Brief:
No pictures go in the copy; retype exactly the lines from the one with "就差一点儿,中国队与米兰冬奥" through the last line of the records.

Available data Block Start

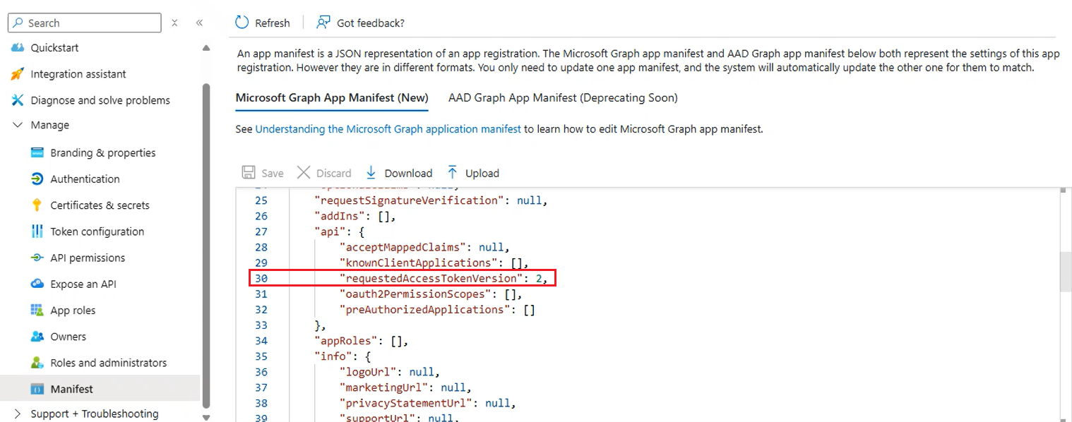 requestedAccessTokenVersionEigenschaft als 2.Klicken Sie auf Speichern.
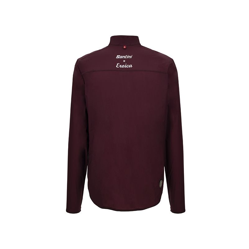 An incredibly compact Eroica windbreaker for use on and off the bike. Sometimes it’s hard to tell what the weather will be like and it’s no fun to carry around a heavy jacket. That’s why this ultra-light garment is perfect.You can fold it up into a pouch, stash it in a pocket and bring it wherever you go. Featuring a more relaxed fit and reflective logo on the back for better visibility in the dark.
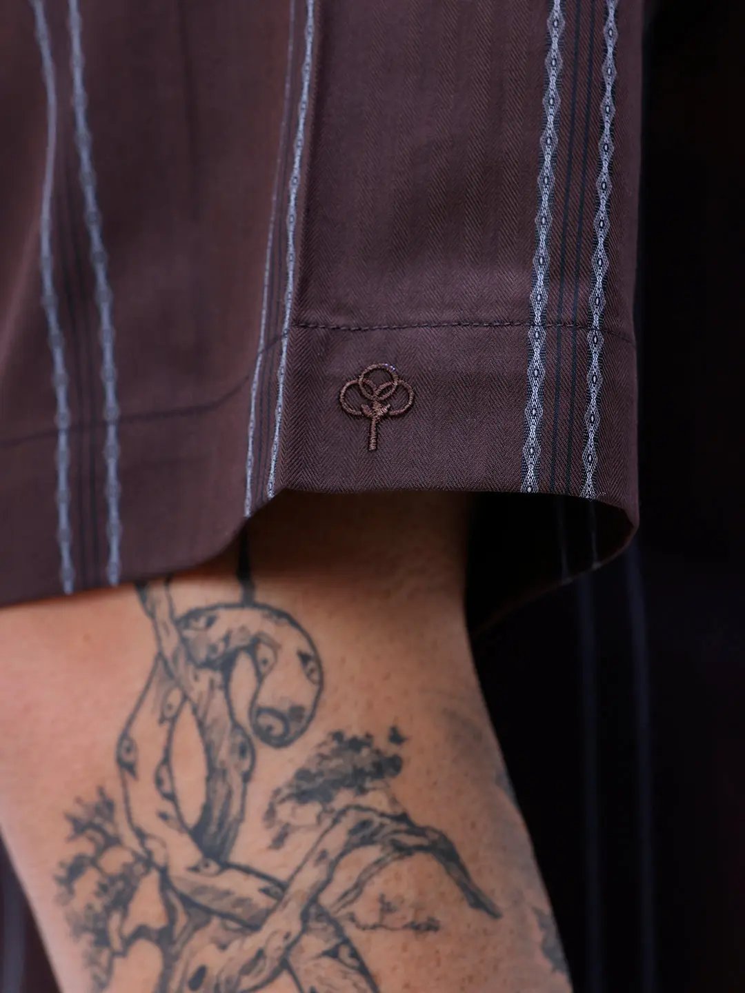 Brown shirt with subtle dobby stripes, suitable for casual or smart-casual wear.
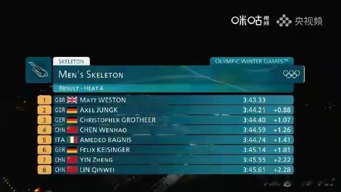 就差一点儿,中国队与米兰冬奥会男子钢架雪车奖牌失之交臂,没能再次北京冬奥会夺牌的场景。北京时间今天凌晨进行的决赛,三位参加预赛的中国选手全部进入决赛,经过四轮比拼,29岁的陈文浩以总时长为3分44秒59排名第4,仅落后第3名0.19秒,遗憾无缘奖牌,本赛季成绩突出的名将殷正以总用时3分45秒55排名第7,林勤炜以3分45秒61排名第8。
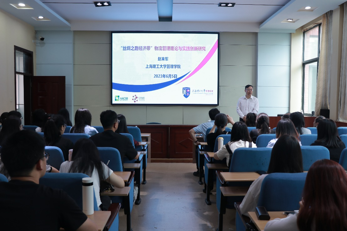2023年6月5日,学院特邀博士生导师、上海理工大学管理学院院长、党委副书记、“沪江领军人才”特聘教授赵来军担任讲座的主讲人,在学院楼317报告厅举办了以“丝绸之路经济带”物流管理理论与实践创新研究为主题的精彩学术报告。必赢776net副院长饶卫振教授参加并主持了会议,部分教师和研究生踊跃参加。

Available data Block End

Task answer:
 就差一点儿,中国队与米兰冬奥会男子钢架雪车奖牌失之交臂,没能再次北京冬奥会夺牌的场景。北京时间今天凌晨进行的决赛,三位参加预赛的中国选手全部进入决赛,经过四轮比拼,29岁的陈文浩以总时长为3分44秒59排名第4,仅落后第3名0.19秒,遗憾无缘奖牌,本赛季成绩突出的名将殷正以总用时3分45秒55排名第7,林勤炜以3分45秒61排名第8。
2023年6月5日,学院特邀博士生导师、上海理工大学管理学院院长、党委副书记、“沪江领军人才”特聘教授赵来军担任讲座的主讲人,在学院楼317报告厅举办了以“丝绸之路经济带”物流管理理论与实践创新研究为主题的精彩学术报告。必赢776net副院长饶卫振教授参加并主持了会议,部分教师和研究生踊跃参加。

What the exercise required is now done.